Her eyes lit up for a moment. She probably found it refreshing to not get the same tired legal questions. In fact, she said that she cobbled her outfit together while on a business trip, and took a particular pride in not simply taking a designer’s brand.  “Thank God for vanity,” I thought. And predictability.


“There was a time when women had a tougher time of it with Chinese clients,” I followed up. “A person has to be careful about dress, custom and culture. Do you see more women in the Chinese business community?”


Observation, Comment, Question. Wash, Rinse, Repeat. Thankfully, I was on autopilot now.


Unexpectedly, the light fell from her eyes. “As I said earlier…..” she dryly started to reply, and I realized that she had already covered the obligatory nod to the importance of culture in Asian business. I had not been paying attention. Where was my mind today?


So far today, I had not received one single text from Diana. I could not help noticing that this may have been the first time in a year that happened. Was she really angry with me, or really hurt? Maybe I should send flowers, or would that be cliché? I really wanted her to know that I meant no harm. I wanted her to know that it hurt me as much as her, more in fact, to offend her. How could I let her know that? How could she not know that?

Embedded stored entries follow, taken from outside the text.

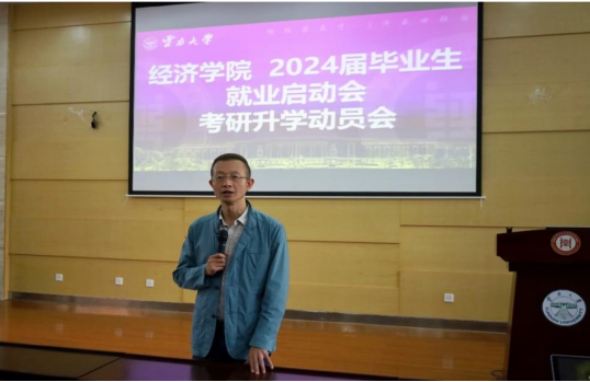 牛文斌副书记从认清就业形势、熟悉就业政策、转变就业观念和提升就业质量等几个方面进行讲解。他指出,面临严峻的就业形势,同学们要结合自身实际,确定合理的就业目标。他鼓励同学们拓展就业思路,以乐观的态度应对就业市场的变化,积极关注就业招聘信息,争取好职业、好岗位、好领域。同时,他指出选择考研深造的同学需要有破釜沉舟的勇气,针对自身情况合理分析、正确选择,学院也会为考研学生保驾护航,希望同学们都能给自己一个满意的答复。
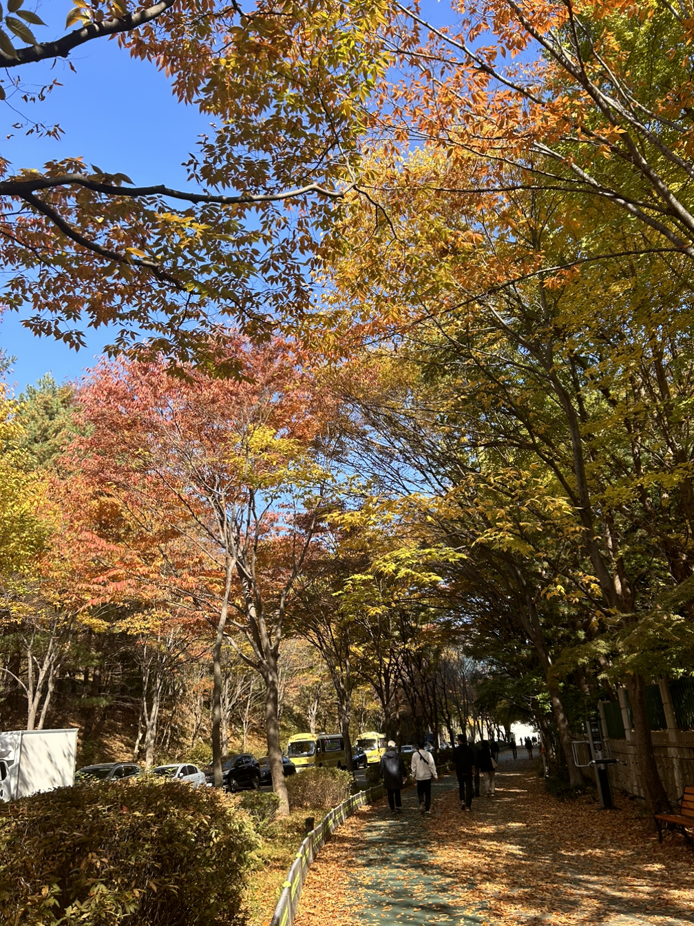이맘때쯤에는 우리 동네 산책로는 색을 특정하기 어려운 알록달록한 단풍잎과 노랑 은행잎들이 나뭇가지에 매달려 있으면서도, 바닥에는 붉은색과 갈색 낙엽들, 노란색 은행 낙엽들이 해진 융단처럼 듬성듬성 깔려있게 된다.
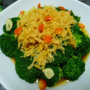 西兰花、干贝、蒜、上汤、生粉、花雕酒、生抽、糖。
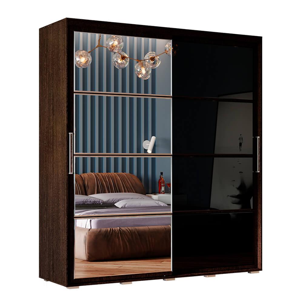 модель изготовлена из ЛДСП, одна раздвижная створка выполнена из темного стекла, а вторая – зеркальная,
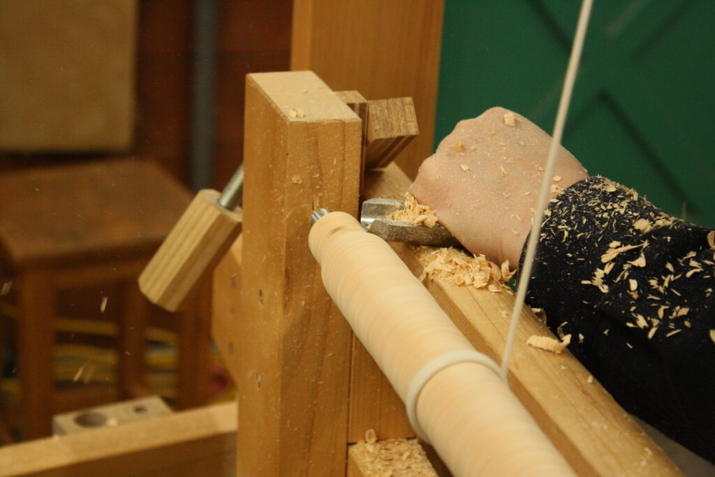 脚の材料を足踏みロクロを使って削ります。今回はヒノキ材を使用しました。脚をつくるのに決まっていることは板に差し込む部分の径と長さだけ。それ以外は自由。まっすぐの脚や先すぼみの脚、うねうねとウェーブした様な脚もありました。
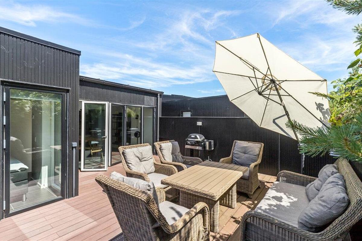 Modern vakantiehuis met zeezicht, dichtbij zandstrand en eigen omheinde tuin in Gilleleje.
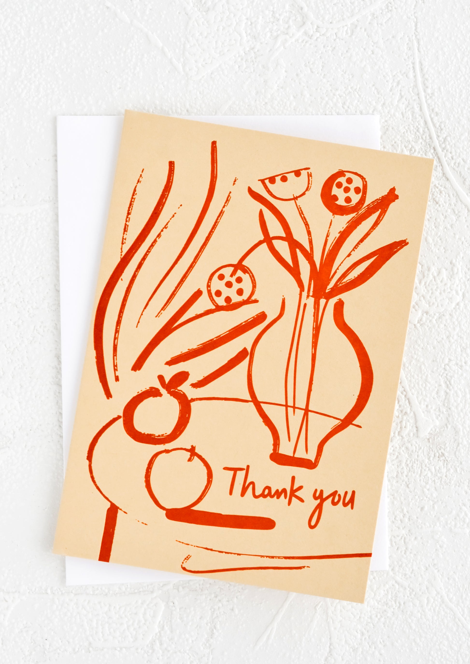 Letterpress printed, this thank you card debuts an earthy palette and an artful still life scene. From Wrap Paper.
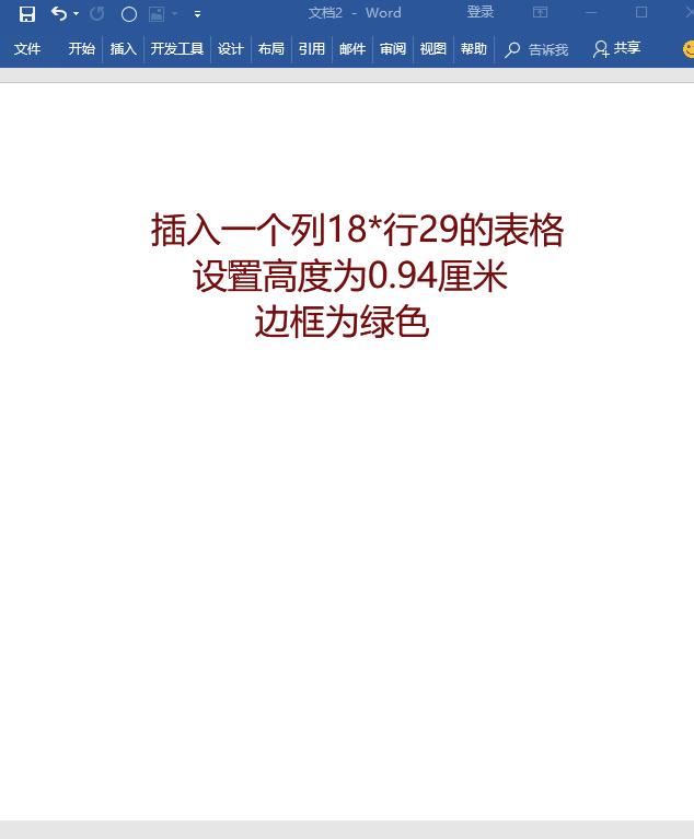 1、打开Word文档,插入18*29行表格,设置高和宽为0.94厘米,边框为绿色。

May’s lips had stopped moving again. That meant it was my turn to talk and convince her that I was worthy of a referral. My next words would be very important. May was not going to wait around all night for me to prove myself. This was the moment I had waited 20 years for, and all I could think about was the cell phone sitting between us like our own private Great Wall. If there were no text, it meant that Diana was angry, and I would feel terrible, but if there were a text, that would mean that I was forgiven, and I would feel great. Which would it be – terrible? Or great? The suspense was killing me.


That was the problem with Diana. We were so involved with each other that little problems seemed huge. The plus side of our intimacy was that we could enjoy a quiet café together, and we could cry in front of each other with no shame or reservation. That kind of closeness is rare in life, and it was terrific! It justified all that I was going through now. If by some cosmic justice things would all “even out” in the end, I was due for some big highs today. Did I have a text message waiting?


My hour with May was coming to a close, and I had not made an impression. A lot was riding on this – 20 years had led up to this meeting, and I found that I had no game.


Sometimes a guy just has no rhythm. Some days a person is just tired. Some days a person’s timing will be off. And some days a person has carelessly hurt someone they care about and simply cannot be in the present no matter what the stakes. The solution on those days is to retreat and regroup. It was time to bail.


“May,” I said. “I know that you have other pressing engagements, so I wonder if we could continue this meeting in the morning?”


She paused to consider that. It was late, but did she really want to have to do this again tomorrow?


I added that I would only have 20 minutes or so in the morning before my flight. Mentioning the time constraint was important, since she might not want to meet with me if it would eat too much into her day.


“Yes.” She said as she stood up to leave. “Let’s meet tomorrow morning.” I complimented her again on her outfit as she left.  It really did look Asian. Only a few women could pull that off. I wasn’t sure whether she was one of them but, no matter, as I would have my “day two.” As I watched her walk away, I sipped my vodka tonic and contemplated that I should be feeling relieved right now.  I should be feeling good. My phone was staring at me. It was time to check my text messages.